§ THE TASK: For this exercise, print the listing below exactly, without its pictures.

#### SOURCE MATERIAL ####

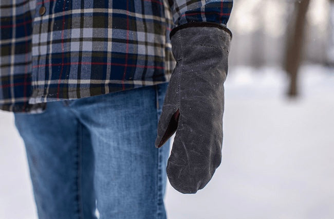 When it's even more wet than cold, try the waxed cotton version of our Tough Mitts. The paraffin-treated outer resists water, the leather palm and fingers ensure durability, and the sherpa lining keeps in the warmth.
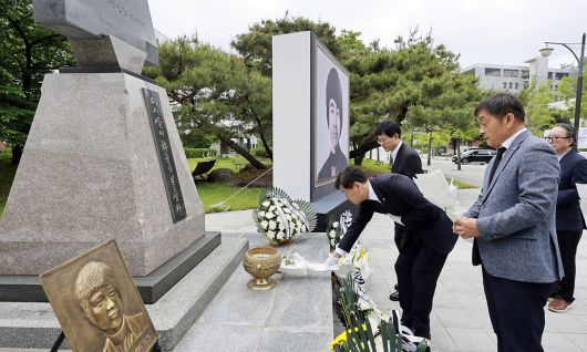 17일 전북대학교에서 열린 이세종 열사 추모식에서 김관영 전북도지사 등이 헌화하고 있다. 전북도 제공
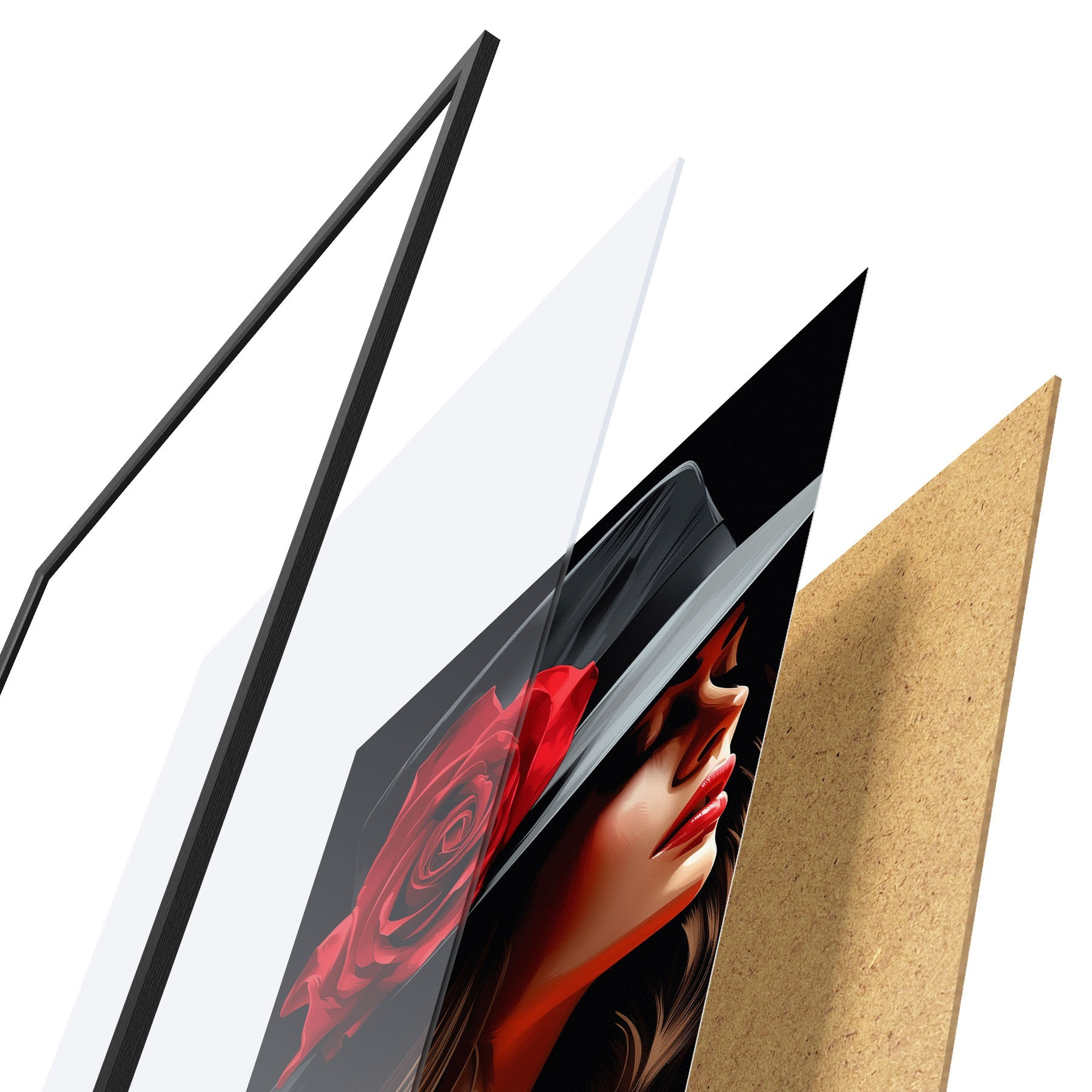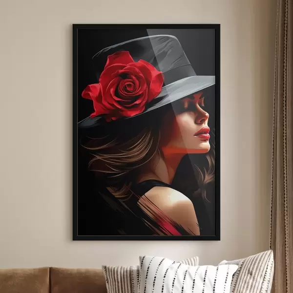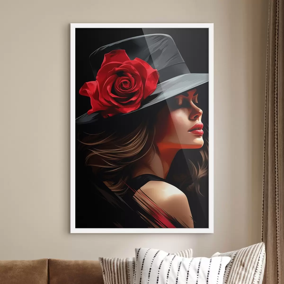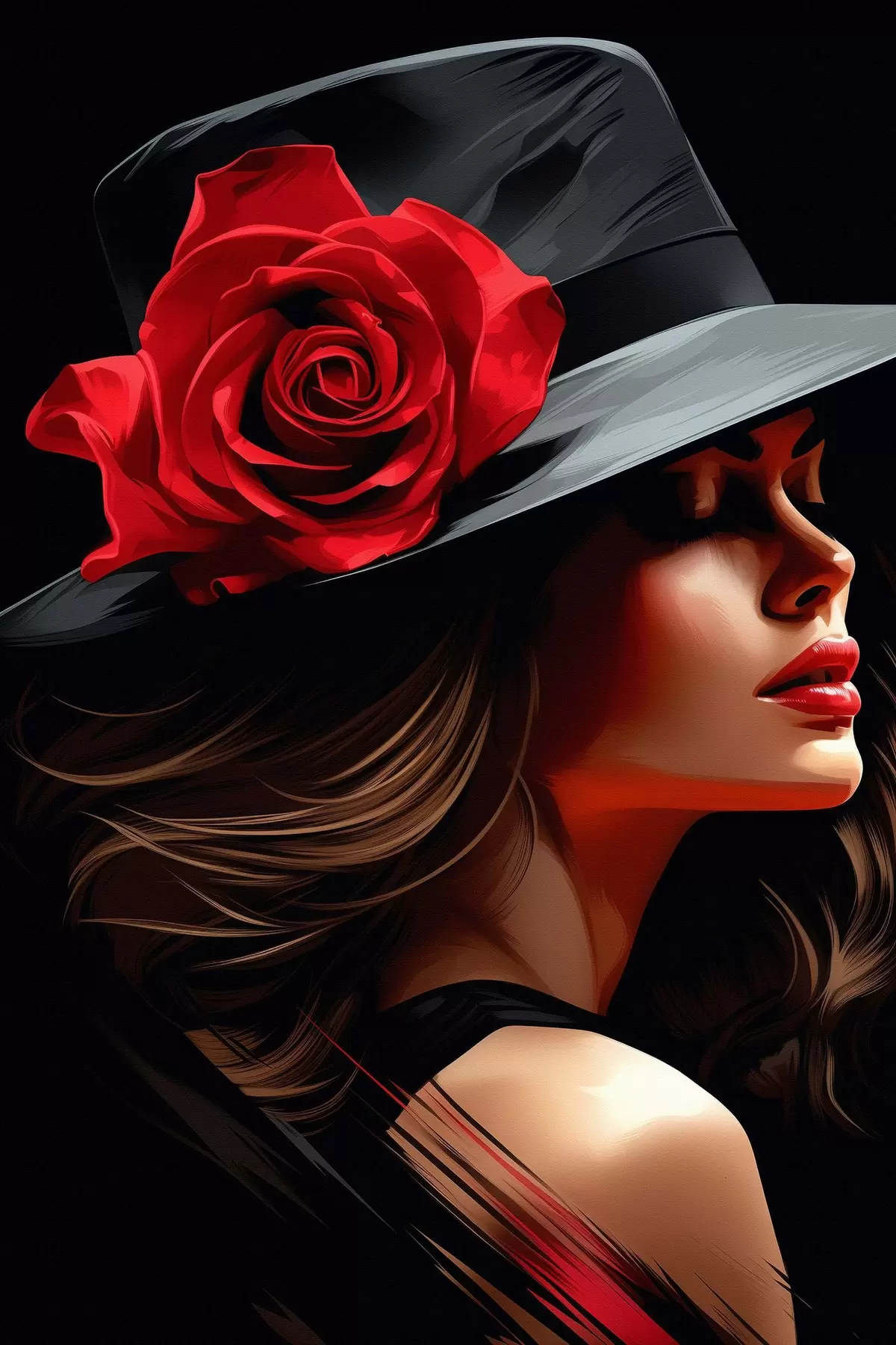 Poster Illustration Mädchen in einem Hut mit einer schönen schicken Rose Nr f41546

####

§ SOLUTION TO THE PROBLEM:
 When it's even more wet than cold, try the waxed cotton version of our Tough Mitts. The paraffin-treated outer resists water, the leather palm and fingers ensure durability, and the sherpa lining keeps in the warmth.
 17일 전북대학교에서 열린 이세종 열사 추모식에서 김관영 전북도지사 등이 헌화하고 있다. 전북도 제공
 Poster Illustration Mädchen in einem Hut mit einer schönen schicken Rose Nr f41546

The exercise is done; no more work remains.